Arms crossed, officers held the circle of people back, easily and with highfalutin egos. Rolfe, Rex’s longtime partner, shifted his hands together about six inches before his perverse smile, sliding them slowly against each other. He shattered the crowd’s hush of anticipation, yelling, “It’s going to be painful, big man.” Then he turned to Carmen and said, “After it’s done we’re going to send him down so he can use the regenerator. And we’ll let him finish out a week, or two, hell, maybe a month, why not a few months or a year.” He laughed, but Carmen’s countenance had gone rogue, away from sadness and disbelief.
“We’ll see about that,” she said.
“This fat lady ain’t sung yet, Rolfe,” Molly said. Fat Molly had arrived in close proximity, white but yellowing gobs of pie smeared on her face and neck, and plastic hair net.
Rolfe was a bulkier, larger version of Rex. He had the same suit, same slicked-and-clipped black hair and acne-pitted face, and likewise the same perverse nature. Carmen’s tears had dried on her cheeks and chest and she exhibited and maintained the sturdy expression of anger. Rolfe looked her up and down, at her moderately curvaceous body, and his grin piqued, his bleach-white teeth gleamed under the neutron star that was their midday sun. With renewed focus, and brighter-than-a-neutron-star hope, Carmen just stared outward, ignoring the fucker.
They would finally have her.
Most had given in from time to time, but with Jer
ry’s support, not Carmen. And Rolfe continued to pester her. “He’ll share you with me, you know. Carmen, it’s going to be great fun.” Other officers smiled devilishly, looking at her like a piece of meat. And although she still displayed her hardened tears, like trophies, she now appeared undaunted, unlike other times, brewing pent-up hatred in the face of her man’s likely death.
Jerry came forward like a wild bull just released from the chute. His speed increased as if time slowed. He charged, lunged forward and low, and uppercut hard. Rex dodged Jerry’s right then paraded a nonchalant chuckle to accompany the effortless parry. Jerry swung faster with his left; his motions were fluid and deadly, targeted masterfully—yet Rex dodged each with ease. Rex lifted his arms to the crowd; no cheers came. Officers, though, were heard and felt, chuckles and schadenfreude bled from their sinister auras. Enraged, Jerry leapt for Rex, trying to entrap the smaller man in the vice of his herculean arms. Rex spun round, effortlessly; the bull missed the red cape, and Jerry nearly plunged straight into Marti’s Place.

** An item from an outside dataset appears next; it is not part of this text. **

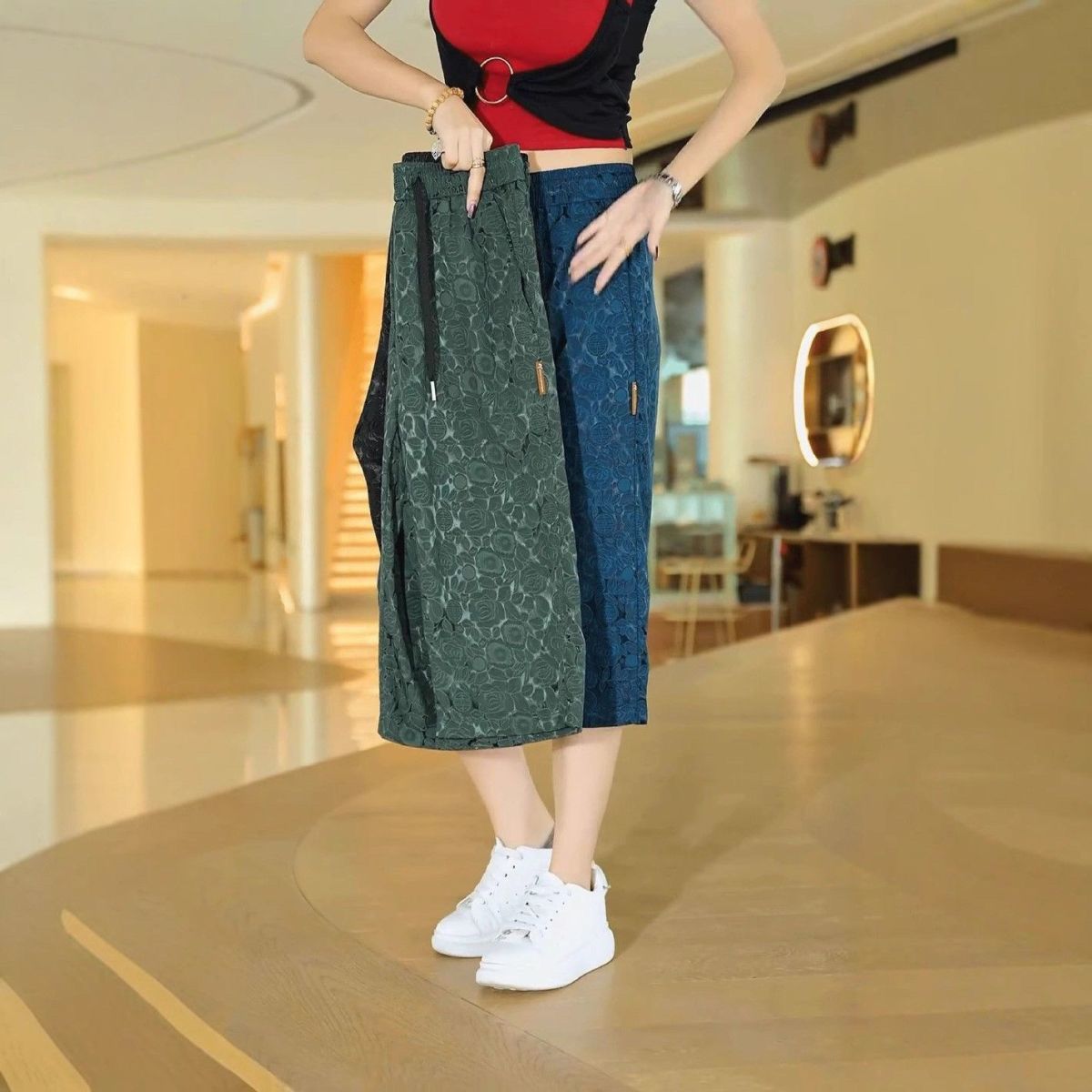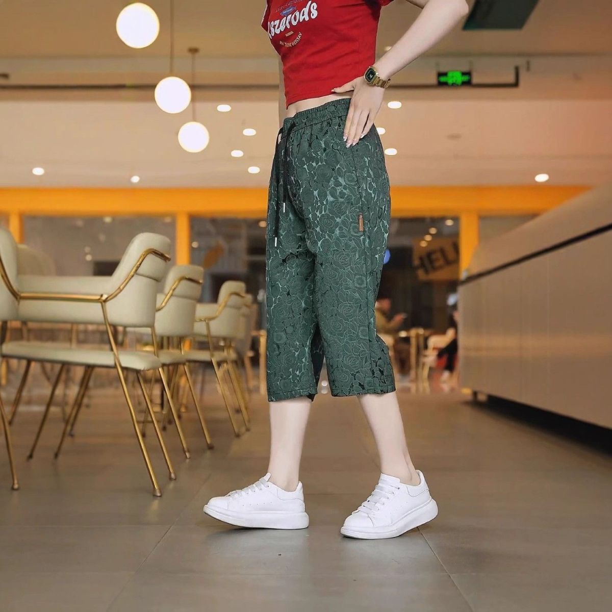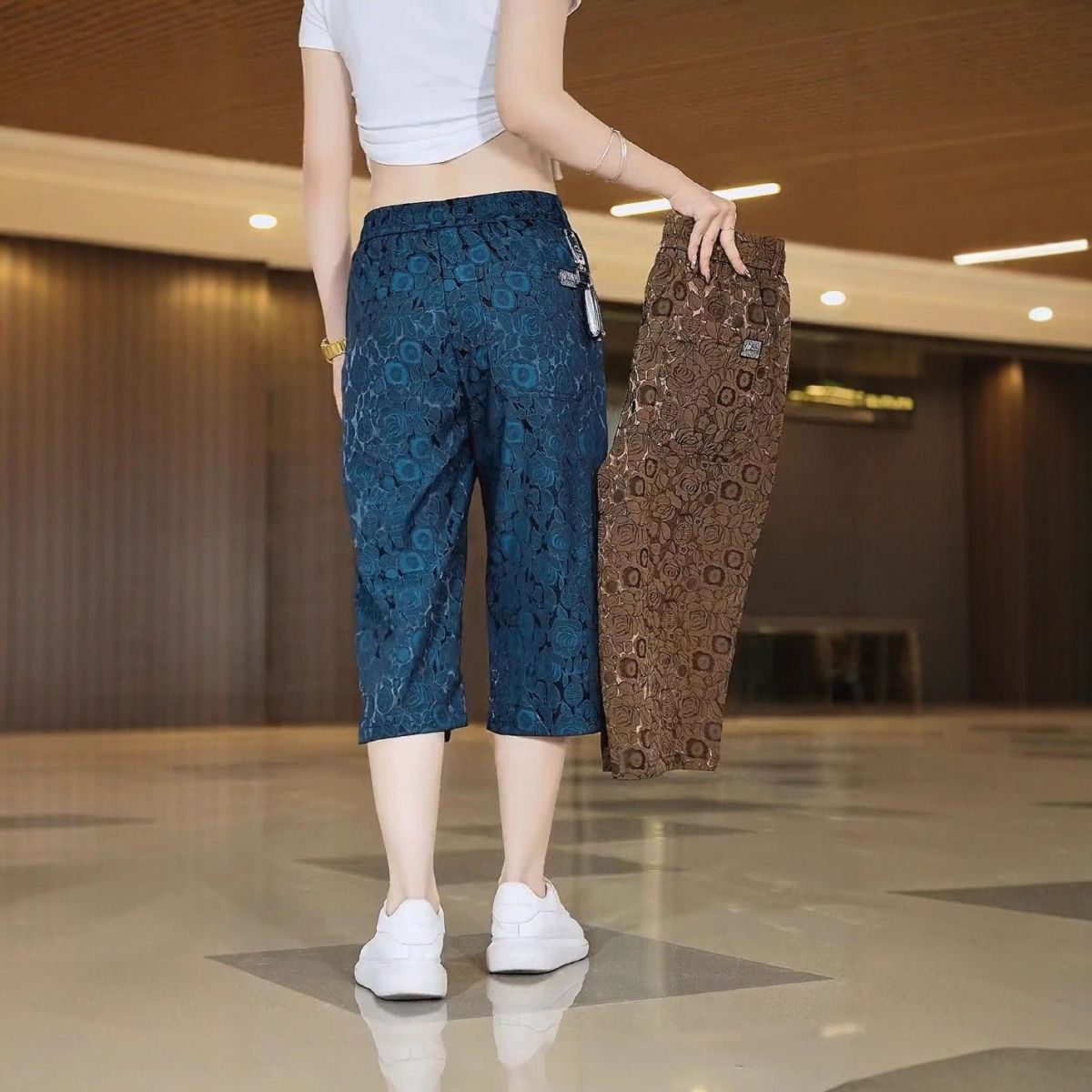 소스 제조업체 아이스 실크 자카드 무릎 위 반바지 남성 여름 바지 캐주얼하고 편안한 스트레치 크롭 팬츠 루즈 스트레이트스토어 가기

“Why, man?” Patrick said, looking up to him as he recovered. Pat pressed his lips together in dismay.
Jerry turned away from his friend, showing no emotion or response, and headed back out to the circle.
“We ought to finish this quick.” Rex said. “What do you say, Rolfe, ready for another fantastic weekend in paradise, kicking it with a Bloody Mary, or should I say, Bloody Carmen?” Rolfe busted up at the quip and agreed with a hell-yeah nod.
“I sure am, Rex.” Rolfe said. “Take him out and we’ll kick this party off.”
Rex bolted toward Jerry like a flash and his punches were one-two times twenty to the chest before Jerry could even raise an arm. Jerry reacted but the uppercut came, sending him flying, once again back toward Marti’s where stood his friends and Carmen, looking down on him.